Tatiana Búa (; born 19 January 1990) is a former professional tennis player from Argentina.

Búa has won four singles and 24 doubles titles on the ITF Circuit. She reached best WTA rankings of world No. 372 in singles and 119 in doubles.

Búa was born in Bragado, and made her WTA Tour debut at the 2014 Morocco Open, partnering Daniela Seguel in women's doubles.
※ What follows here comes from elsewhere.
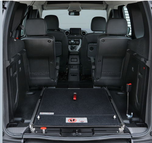
Optional EASYFLEX ramp folded flat allows full use of the luggage area.

The South American pair won their first-round match against Nicole Clerico and Nikola Fraňková, only to lose in the quarterfinals to the top seeds Darija Jurak and Megan Moulton-Levy. However, they reached their first final in Strasbourg the following month, losing to the three-time Grand Slam-finalist pairing of Ashleigh Barty and Casey Dellacqua.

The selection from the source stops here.